I recognize this is probably the wrong place for a thread like this, but where it belongs I don't rightly know.

Anyways, this community is endlessly fascinating to me, but I can't help but feel there's a bit of an inherent paradox to living like most of you do. From what I can tell, a lot of travelers seem to find themselves behind bars, or at least staring down fat fines courtesy of the local PD. (By 'a lot' I mean 'more than your average "law abiding citizen"') An odd price to pay for what is supposed to be ultimate freedom.

Anywho, why is this? Is it just an inherent risk of the lifestyle? Are you booked essentially for "living while homeless"? Or are y'all just a bunch of troublemakers? What do YOU get in trouble for? The train hopping? Camping out in public parks or on the roadside? Kicked out of a squat? Smokin' forties, drinkin' blunts? 

A bit of an invasive question, I know, but if you'd indulge my voyeuristic tendencies I'd be much obliged.


----------



## TheUndeadPhoenix (Nov 18, 2013)

This has the makings of a very good thread...

Anyway, some people I've seen on the streets just don't give a flying fuck and are total oogles about their lives. They get schwilly as fuck and/or high as fuck and just do whatever. These people are the ones that get arrested more than anything. They also get publicity.

Probably about 75% of homeless travelers are actually under the radar. I myself have NEVER been arrested (except one time where the charges were dropped because I had nothing to do with it). I have had a J-walking ticket on the street, also. I do my very best to stay under the radar and I know alot of other that do that also. 

It really sucks that so many people just throw their lives away and do shit to lose their freedom. I remember when I first started hitch hiking, I felt so much freedom. I don't understand those other people...


----------



## Tude (Nov 18, 2013)

Why are you curious? I came to this place when I got interested in the many stories and lifestyles that this many faceted culture allowed me to see. For the travelers there is good and bad, and survival. And choice. And necessity as well.


----------



## MFB (Nov 19, 2013)

I was in Fort Lauderdale (AVOID that place!) a few weeks ago and the beach home bums were making fun of me for NEVER having spent time in jail/prison...Fuggin idiots. Junky merit badges.

I think there are alot of factors that go into answering this question...
-there are a lot of trashy boneheaded 'travellers' doing dumb things getting themselves in trouble and spoiling it for the rest. 
-dickhead cops seeing a dirty-ish person with a backpack on a wanting to give her a hard time
-Greenhorns/Dummies not knowing where to sleep, how to steal, etc. and getting caught.
-I've ridden only a handful of trains so I cant comment there, but I'm guessing its a similiar situation.

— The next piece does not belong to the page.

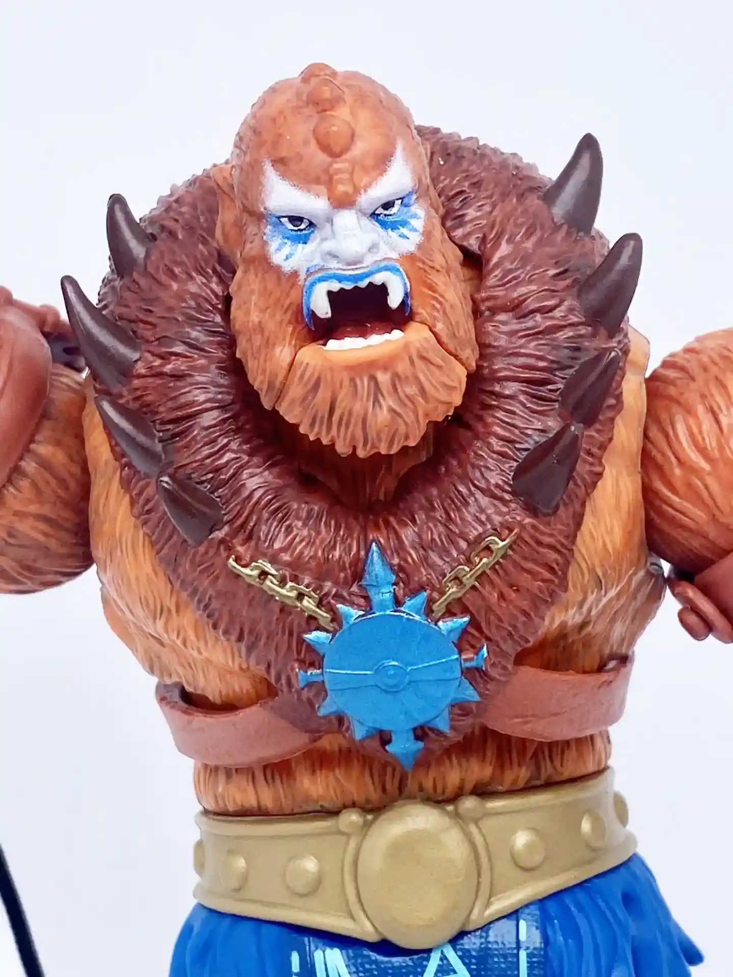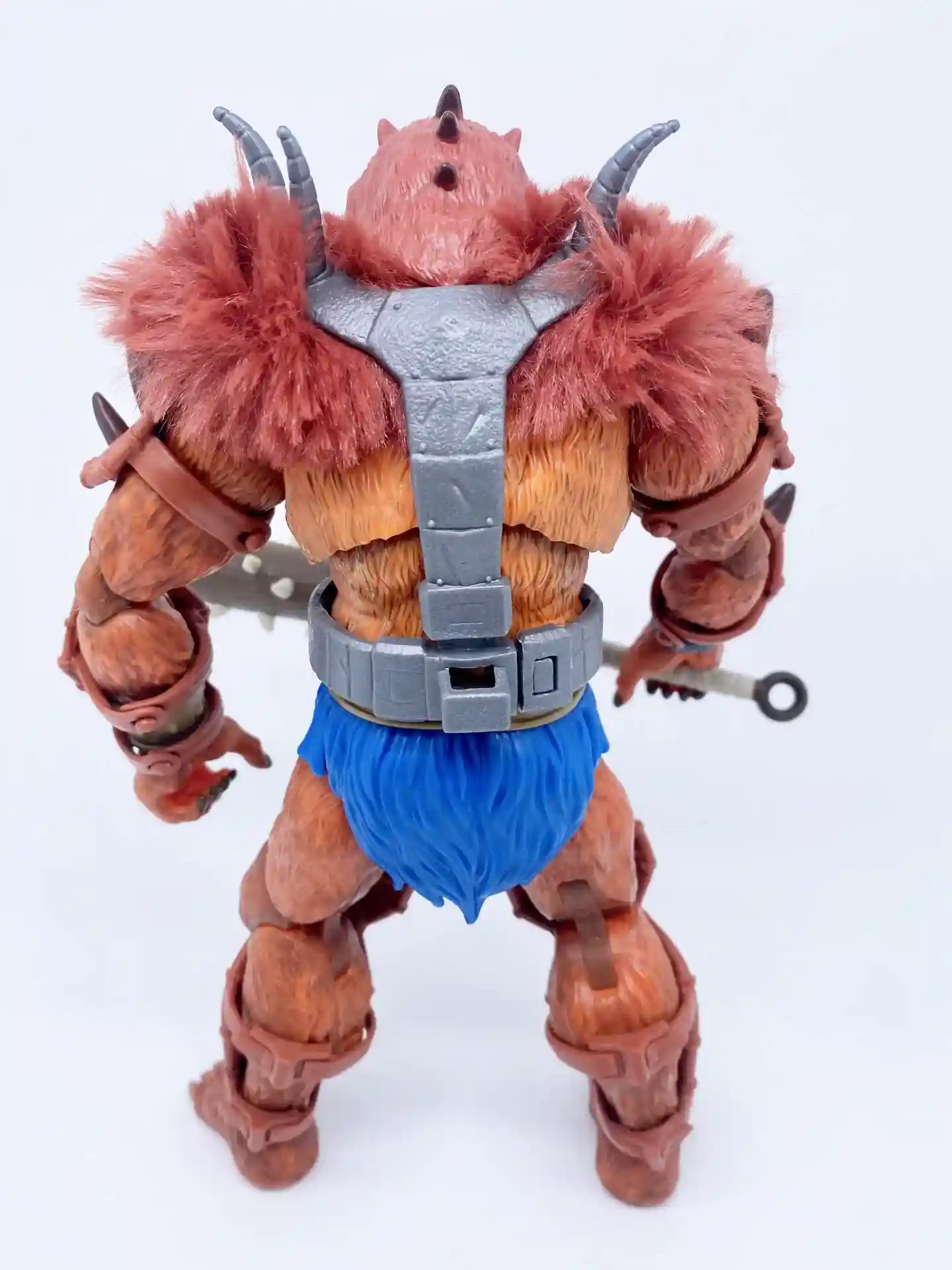 The paint wash really shines in his classic look, enhancing the fur texture across his chest, arms, and legs with a richer depth that makes the sculpt feel more natural. The darker tones settle into the creases, breaking up the solid orange and giving the figure a more rugged, worn-in appearance. It also helps define the details around his mane, bracers, and straps, making them stand out against the brighter blue of his loincloth. Compared to a flat finish, the wash adds a lot more character and brings out the vintage-inspired design in a way that feels true to the classic Beast Man.

I could go on, but you get my point...I think there are a lot of reasons travel types get in trouble with Johnny.
I also think that with a a little sense about you you could travel as much as you want for as long as you want and never run into much trouble at all. It's all about the person.

In regards to myself, I was arrested once; travelling by car, for having weed, when that was still kind of a deal.
Pocession, paraphernalia, maybe some other ticky tacky. Paid a fine. Done.


----------



## Joni (Nov 19, 2013)

and then there are your 'normal' who have had jobs.... ppl who just want to say fuck it! just to get away from life to live carefree living the whole i don't give a damn sceneo. some are pretty straight edge don't drink or do drugs. at most they might smoke cigarettes. they vote every election and have a house next door to you. some are teachers, accountants, and truck drivers. you never know! heck 3 time grammy winner skrillex is a homeless street kid so to speak that loves to dj. 

its all just a matter of perspective and what going on in others lives.

hope this helps...
-joni


----------



## TheUndeadPhoenix (Nov 20, 2013)

This thread is not allowed to die

Bump


----------



## yoder (Nov 20, 2013)

FTP


----------